Time, like space, is one of the fundamental dimensions of all our experiences. However, organisms do not work like clocks, and our judgment about the passage of time is variable, depending on circumstances. Soares et al. systematically investigated midbrain dopaminergic neurons during timing behavior in mice (see the Perspective by Simen and Matell). When measuring and manipulating mouse activity, the authors observed that dopaminergic neurons controlled temporal judgments on a time scale of seconds.

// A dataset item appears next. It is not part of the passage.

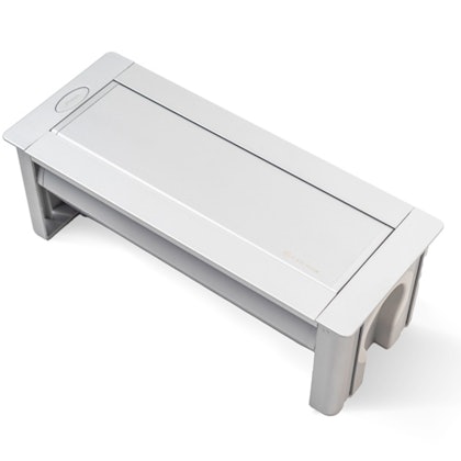 NETBOX Turn Comfort permits access from any angle, rendering them highly flexible solutions. As the cables run underneath the table, its sleek appearance is further enhanced, especially in table tops with a minimum thickness of 10mm and is available in customizable lengths.

Science, this issue p. 1273; see also p. 1231

Abstract

Our sense of time is far from constant. For instance, time flies when we are having fun, and it slows to a trickle when we are bored. Midbrain dopamine neurons have been implicated in variable time estimation. However, a direct link between signals carried by dopamine neurons and temporal judgments is lacking. We measured and manipulated the activity of dopamine neurons as mice judged the duration of time intervals. We found that pharmacogenetic suppression of dopamine neurons decreased behavioral sensitivity to time and that dopamine neurons encoded information about trial-to-trial variability in time estimates. Last, we found that transient activation or inhibition of dopamine neurons was sufficient to slow down or speed up time estimation, respectively. Dopamine neuron activity thus reflects and can directly control the judgment of time.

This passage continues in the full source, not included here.